Know Your Rights

Right to organize, Weingarten rights

“Section 7 of the National Labor Relations Act (NLRA) protects employees’ right to ‘self-organization, to form, join, or assist labor organizations, to bargain collectively through representatives of their own choosing, and to engage in other concerted activities for the purpose of collective bargaining or other mutual aid and protection.’

Among the rights protected by Section 7 is the right of union-represented employees, upon request, to have their representative present during an interview that the employee reasonably believes could lead to discipline. … Employees’ right to request their representatives are frequently referred to as ‘Weingarten rights.'”

– The National Labor Relations Board

Email trujhu@gmail.com to request union representation during an interview.

You Have A Right to Unionize

“You have the right to organize a union to negotiate with your employer over your terms and conditions of employment. This includes your right to distribute union literature, wear union buttons, t-shirts, or other insignia (except in unusual ‘special circumstances’), solicit coworkers to sign union authorization cards, and discuss the union with coworkers. Supervisors and managers cannot spy on you (or make it appear that they are doing so), coercively question you, threaten you or bribe you regarding your union activity or the union activities of your co-workers. You can’t be fired, disciplined, demoted, or penalized in any way for engaging in these activities.”

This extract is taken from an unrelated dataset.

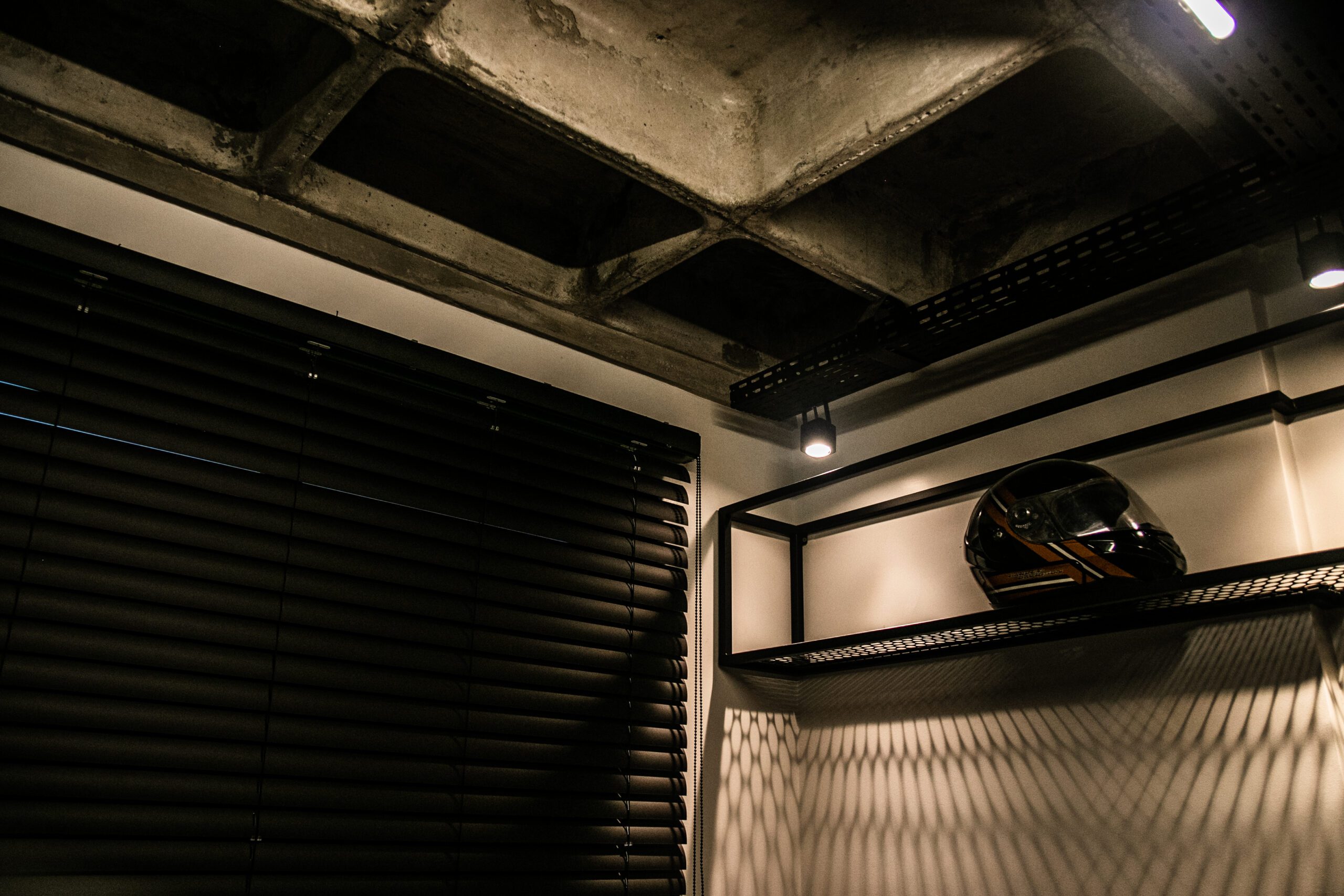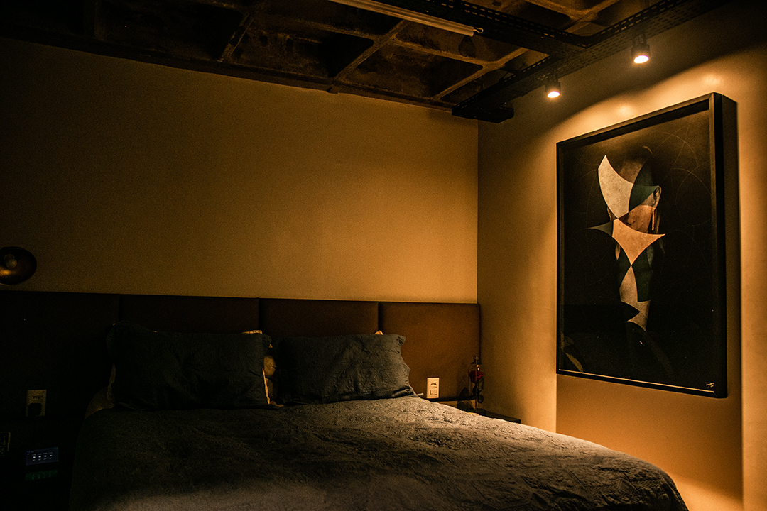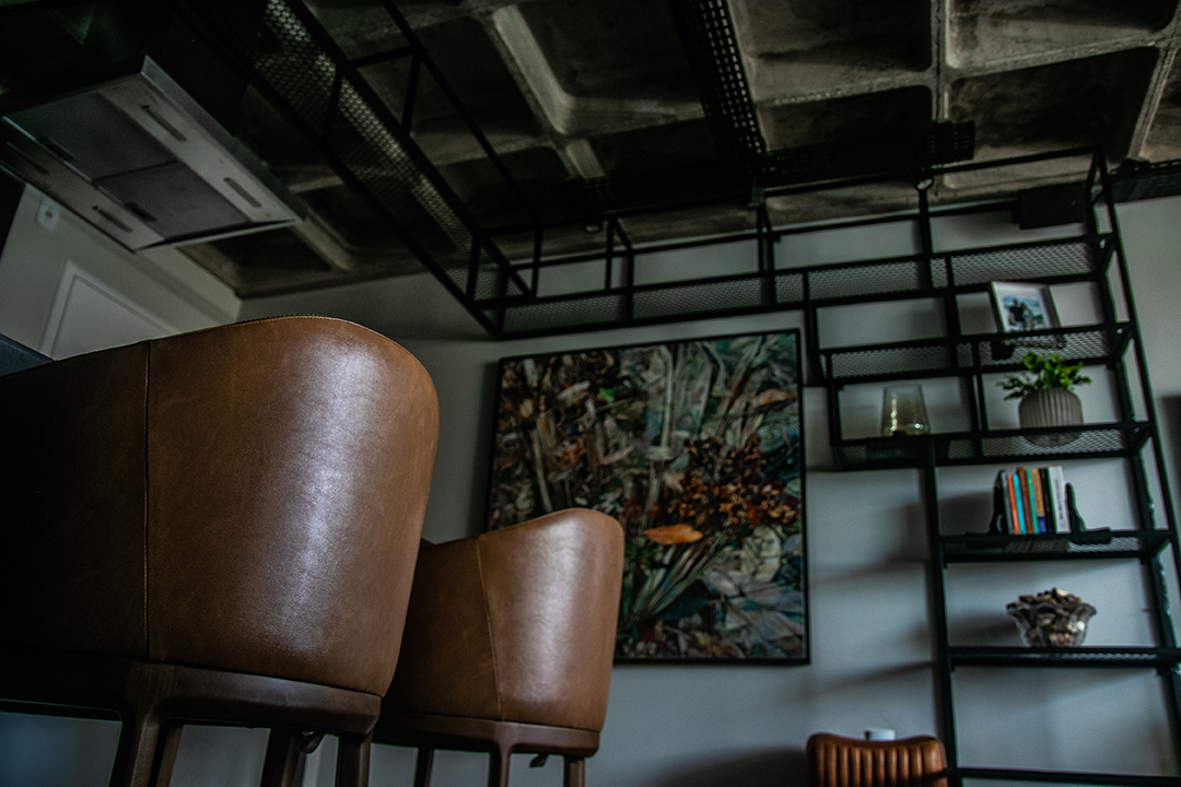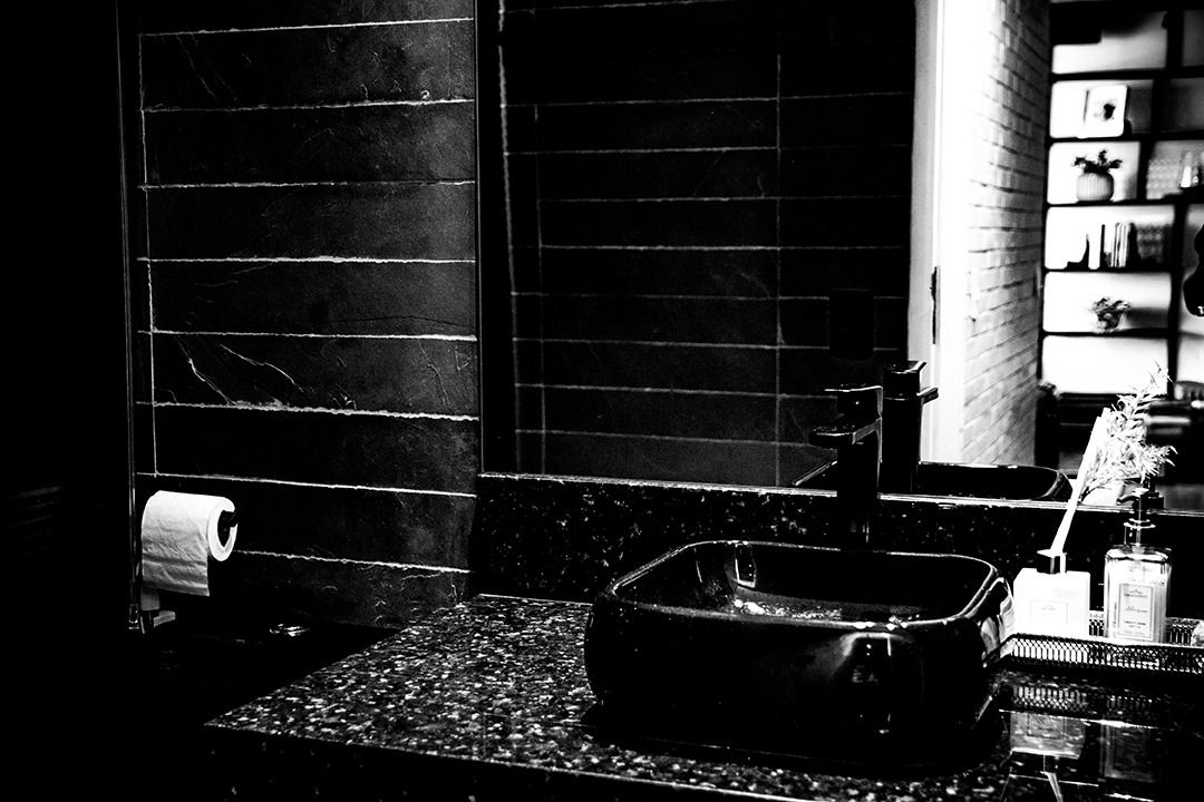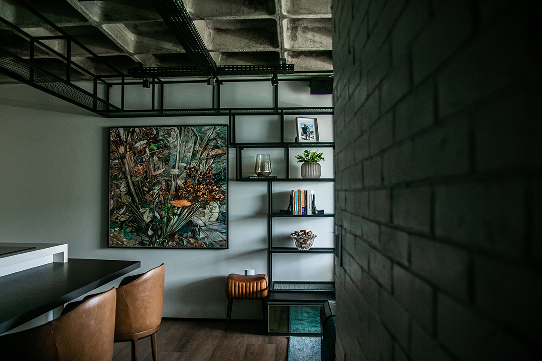 Os acabamentos acompanham essa narrativa: o piso de todos os ambientes foi substituído por paviflex de madeira, dialogando com a textura robusta da laje. Nas áreas molhadas, o uso da pedra ardósia filetada imprime autenticidade e caráter ao espaço. Como contraponto visual, a sala ganhou um revestimento de tijolinho pintado de branco, agregando textura sem competir com o concreto exposto.

– The National Labor Relations Board

What Does this Mean as a Grad Student?

  • Your advisor, staff, or Hopkins administration CANNOT prohibit you from organizing or supporting TRU!
  • This legal right applies equally to both domestic and international students. For more information of particular relevance for international students, please see TRU’s International Student Working Group page.
  • Nonetheless, the threat of retaliation can be a real fear. This is part of the point of unionizing: if we stand together, individual workers can be protected by the support of their peers.
  • If your advisor, or any other Hopkins employee, threatens your funding, degree progress, or academic standing in retaliation for your support of TRU-UE, they are violating federal law. You can learn more about illegal retaliation from the US Equal Employment and Opportunity Commission, and report illegal union-busting activity when you see it. 
  • You have a right to safe, healthy, and fair working conditions. Many employers, sometimes Hopkins, violate these fundamental rights. This includes the right to a workplace free of recognized safety hazards, the right to compensation for injury, and the right to a workplace free of age, ethnicity/race, gender, religious, or sexual discrimination.
  • You cannot be assigned to more difficult work tasks or given an increased workload in response, or retaliation to, union organizing; nor can you be removed from your projects or thesis work. This constitutes an unfair labor practice, and an NLRB investigation can be conducted.
  • International and domestic students have the same protected right to participate in collective action, including rallies and strikes.